George Franklin Homestead in Milan Precinct, near Rushville,
Sheridan County, Nebraska. Since it's a frame house, it might
have been built sometime after 1910.
David Owens many children, by two of his three wives, spread out far and wide after he and his third wife moved from Black Hawk County, Iowa to Davison County, South Dakota in the 1880s.  George Franklin Owens was the sixth surviving child of David and his first wife Sarah Holler and was the only child born during the elder Owens' brief layover in Illinois prior to their big move from Indiana to Poyner Township, Iowa.

George somehow ended up in Mission Creek, Pawnee, Nebraska prior to 1885. Mission Creek was
down on the Nebraska/Kansas border south of Lincoln.  He worked there as a farm hand for E. M. Berry. Sometime later, he met Mary Josephine Teller, whose parents settled in Bone Creek, Butler County, Nebraska (near Columbus) and they married in 1892. Then we get to the part where no Census records are available for the critical 1890 Census...yet, in 1900, they were living in Sheridan County in Milan precinct with their three surviving children. One had died in infancy. They had a homestead and were stock farmers (cattle ranchers).

Alfred Teller (Mary's brother), unknown young man and child,
George Franklin Owens and Frank Owens
I'm not quite sure how George fell into land ownership here since the Land Grant data suggests that his brother David C. Owens, purchased 467 acres over the 1890-1894 period. David, was by 1900, living in Nodaway, Missouri, so we might hypothesize that David sold his land to George.

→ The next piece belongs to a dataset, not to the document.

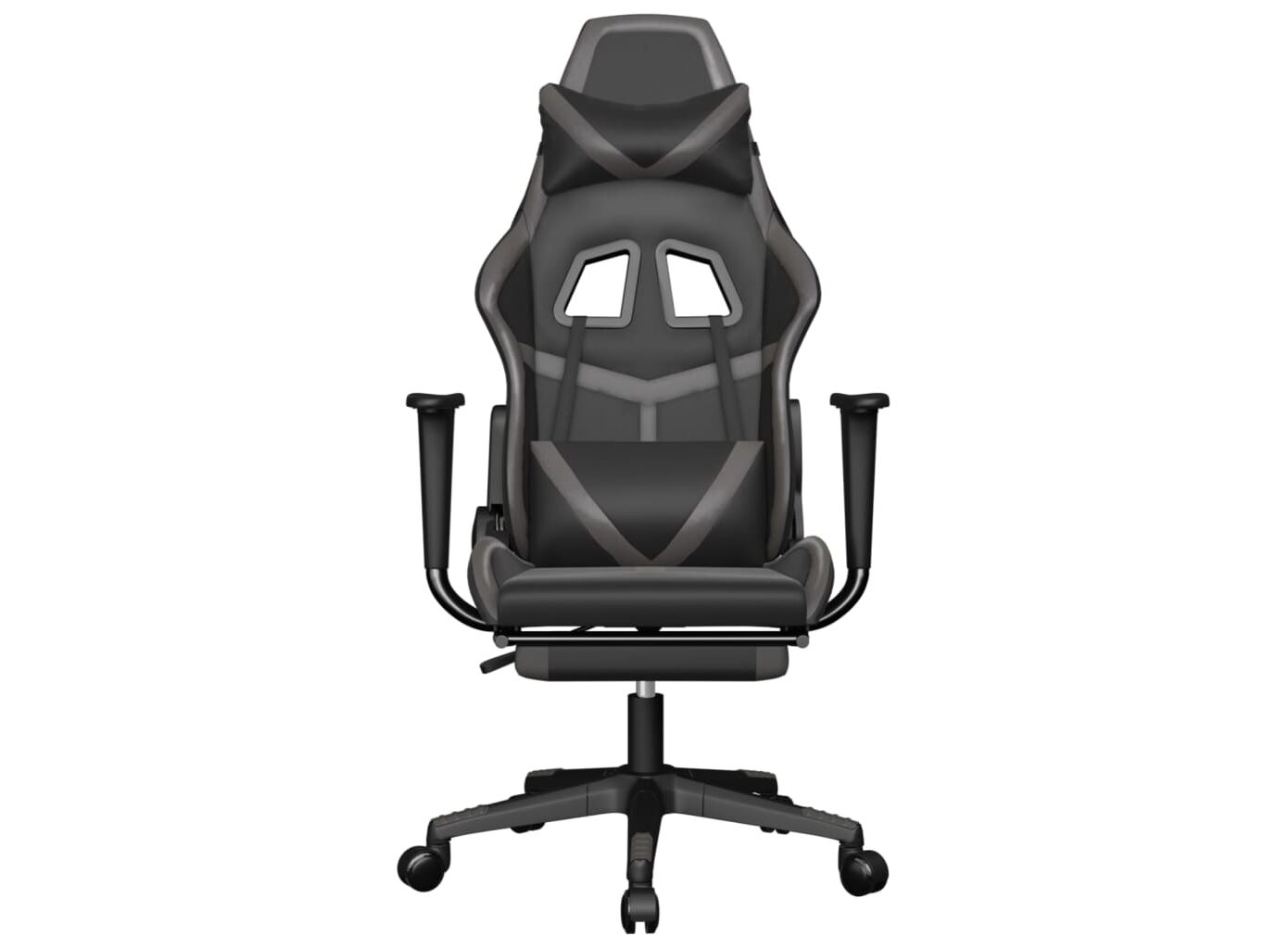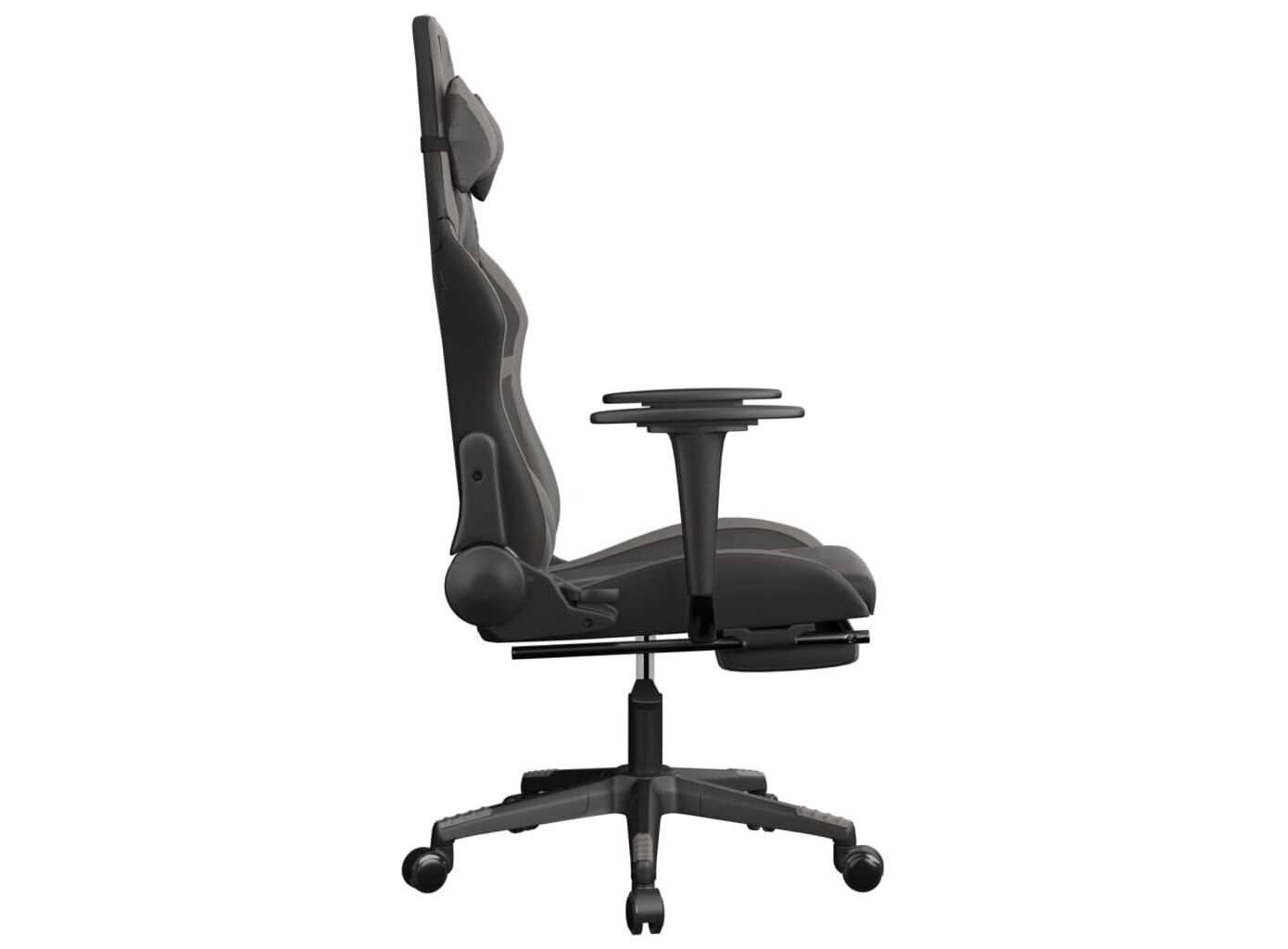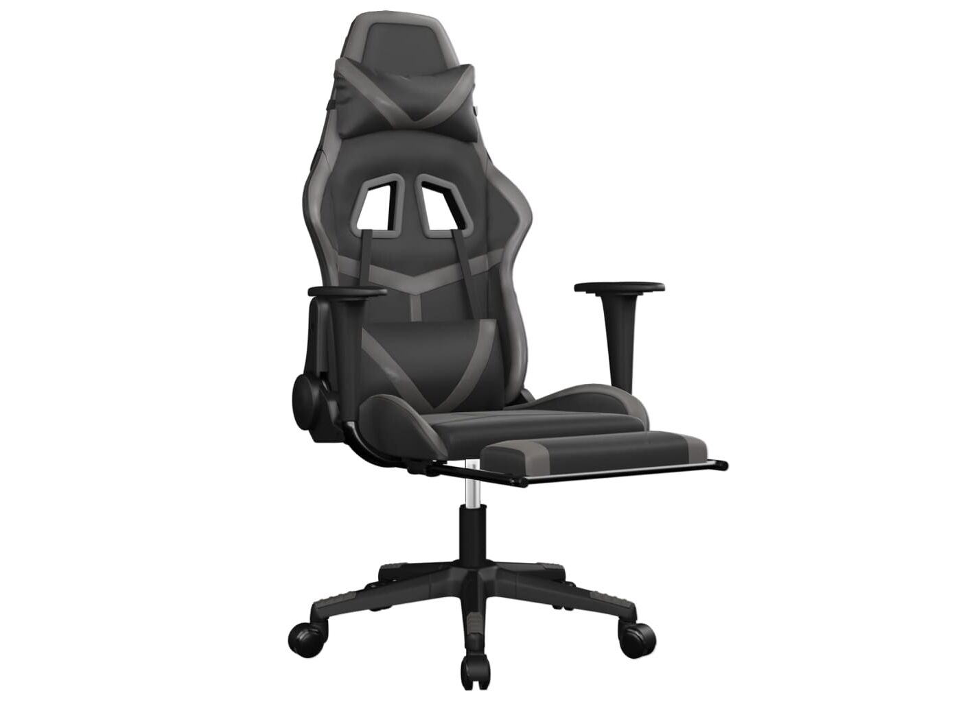 Scaun de gaming cu suport picioare, negru/gri, piele ecologică
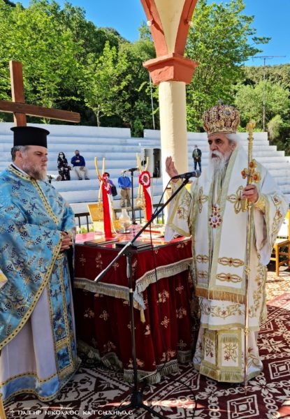 Με τις ευλογίες του Σεπτού μας Ποιμενάρχου κ.κ. Γερμανού, την παραμονή της εορτής Κυριακή 9 Μαΐου 2021, τελέσθηκε ο υπαίθριος Μέγας Αρχιερατικός Πανηγυρικός Εσπερινός, μετ’ αρτοκλασιών, χοροστατούντος του Θεοφ. Επισκόπου Ωλένης κ.κ. Αθανασίου, ο οποίος κήρυξε και τον θείον λόγον, πλαισιούμενος από τον Ιεροκήρυκα της Ιεράς Μητροπόλεώς Ηλείας και Ωλένης π. Χριστοφόρο Κωλλέτη και άλλους Ιερείς. Την κυριώνυμο ημέρα της εορτής Δευτέρα 10 Μαΐου, τελέσθηκε η ακολουθία του Όρθρου και η υπαίθρια πανηγυρική Αρχιερατική Θεία Λειτουργία, μετά θείου κηρύγματος υπό του Θεοφ. Επισκόπου Ωλένης κ.κ. Αθανασίου. Παρέστη δε ο εντιμότατος Δήμαρχος Δυτικής Αχαΐας κ. Σπύρος Μυλωνάς, Αντιδήμαρχοι της περιοχής και ο Πρόεδρος του Τ.Δ. Σπάτα κ. Ανδρέας Γεωργόπουλος. Στο πλαίσιο των προληπτικών υγειονομικών μέτρων κατά του κορονοϊού, δεν έγινε η καθιερωμένη λιτανεία της θαυματουργής και περίπυστης Εικόνας του Αγίου Νικολάου. Τους Αναστάσιμους αλλά και εορτίους Εκκλησιαστικούς Ύμνους, κατά την διάρκεια των Ιερών αυτών ακολουθιών απέδωσε θαυμάσια, χορωδία Ιεροψαλτών της περιοχής Βουπρασίας, υπό την διεύθυνση του Πρωτοψάλτου κ. Δημητρίου Θανόπουλου, Καθηγητού της Σχολής Βυζαντινής Μουσικής της Ιεράς Μητροπόλεώς μας.

By 1920, they were of retirement age and lived in a home at 143 Sommer St in Rushville with son Franklin and his daughters.

Their son Franklin was a merchant in town. He'd lost his first wife Minnie Rohwer in 1919 and his parents helped him raise his two girls (Ruth and Bernice) from that marriage before he married Florence Taylor in 1924. Franklin had another child, son Lowell, with Florence. By 1930, Frank and family were back on the Milan Precinct farm, where they farmed past 1940.

Daughter Hattie Belle Owens married Robert "Bert" Watson in 1912 in Rushville. They had a number of children and farmed in Milan Precinct. Bert died in 1946 and Hattie Belle died in 1989 in Rushville. They had nine children, most of whom would end up in Stanislaus County, California.

Daughter Ethel Josephine would marry Clinton C Millslagle in 1916. They would have seven children and would move on to Washington State. Ethel died in Centralia in Lewis County (date unknown) and husband Clyde would die in Olympia in 1962.

George Franklin would die 28 Jul 1935 in Rushville and his wife Mary Josephine Teller died 10 Jul 1920 in Rushville.

*Sources for this information are available upon request.